TASK TO COMPLETE
Set down only these lines, exactly: the line containing "Silver-Catalyzed Geminal Aminofluorination" and all lines through the end of the data below. Omit pictures.
#### COLLECTED DATA ####
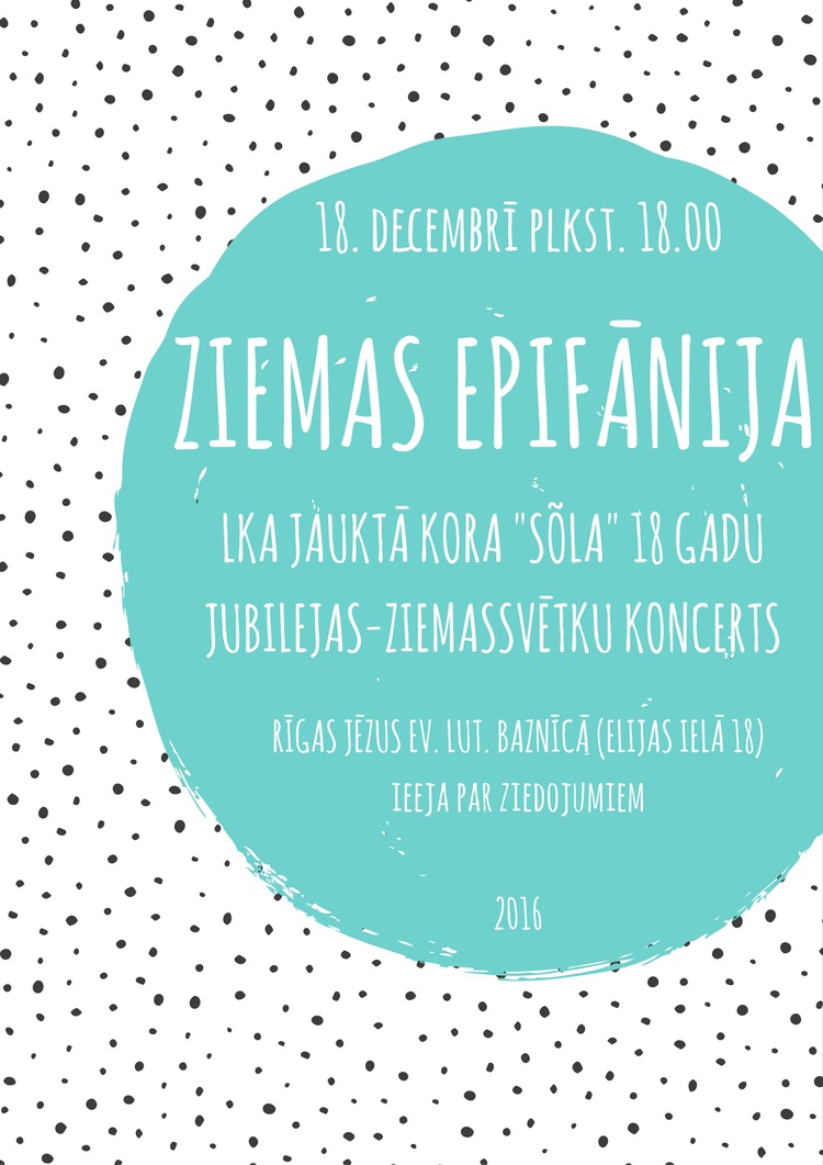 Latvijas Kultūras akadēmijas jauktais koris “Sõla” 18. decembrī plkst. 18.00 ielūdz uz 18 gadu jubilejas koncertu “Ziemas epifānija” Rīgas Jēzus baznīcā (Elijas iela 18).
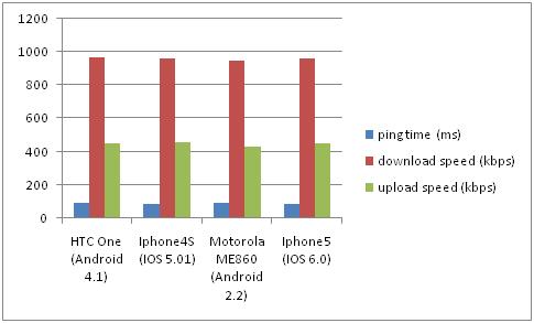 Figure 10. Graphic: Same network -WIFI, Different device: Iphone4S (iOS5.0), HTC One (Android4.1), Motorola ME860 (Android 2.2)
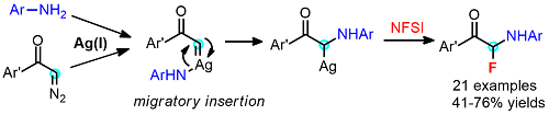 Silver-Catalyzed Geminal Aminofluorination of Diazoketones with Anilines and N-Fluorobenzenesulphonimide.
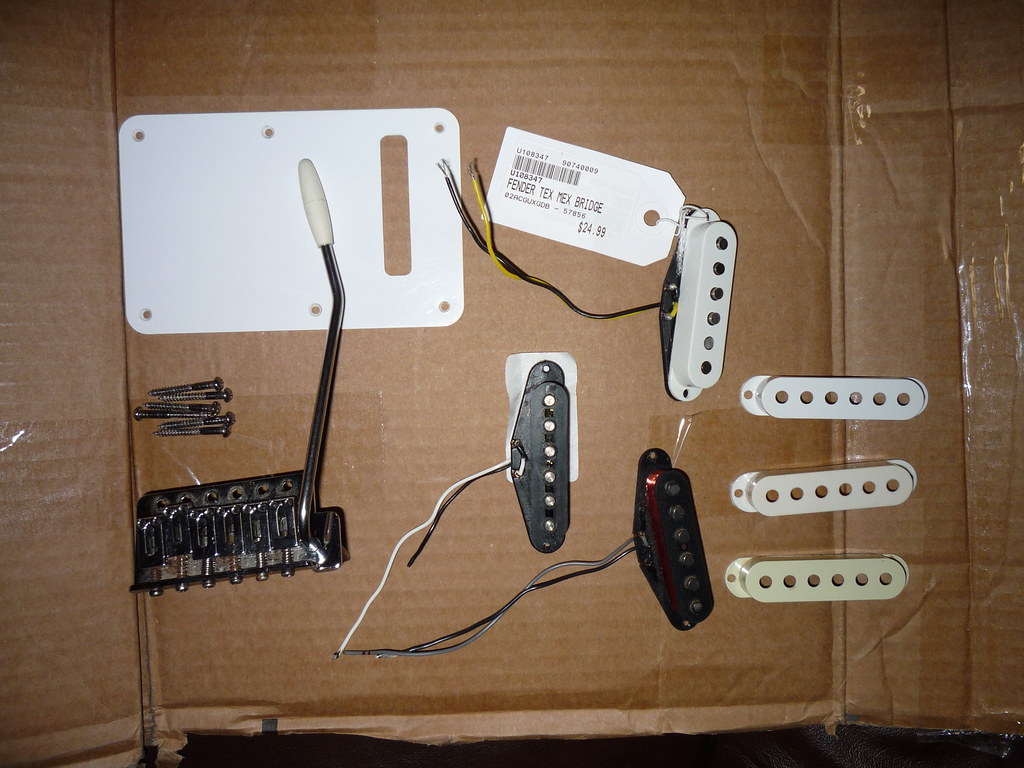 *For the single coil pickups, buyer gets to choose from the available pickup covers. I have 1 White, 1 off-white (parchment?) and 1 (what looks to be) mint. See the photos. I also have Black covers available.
####
YOUR RESPONSE
 Silver-Catalyzed Geminal Aminofluorination of Diazoketones with Anilines and N-Fluorobenzenesulphonimide.
 *For the single coil pickups, buyer gets to choose from the available pickup covers. I have 1 White, 1 off-white (parchment?) and 1 (what looks to be) mint. See the photos. I also have Black covers available.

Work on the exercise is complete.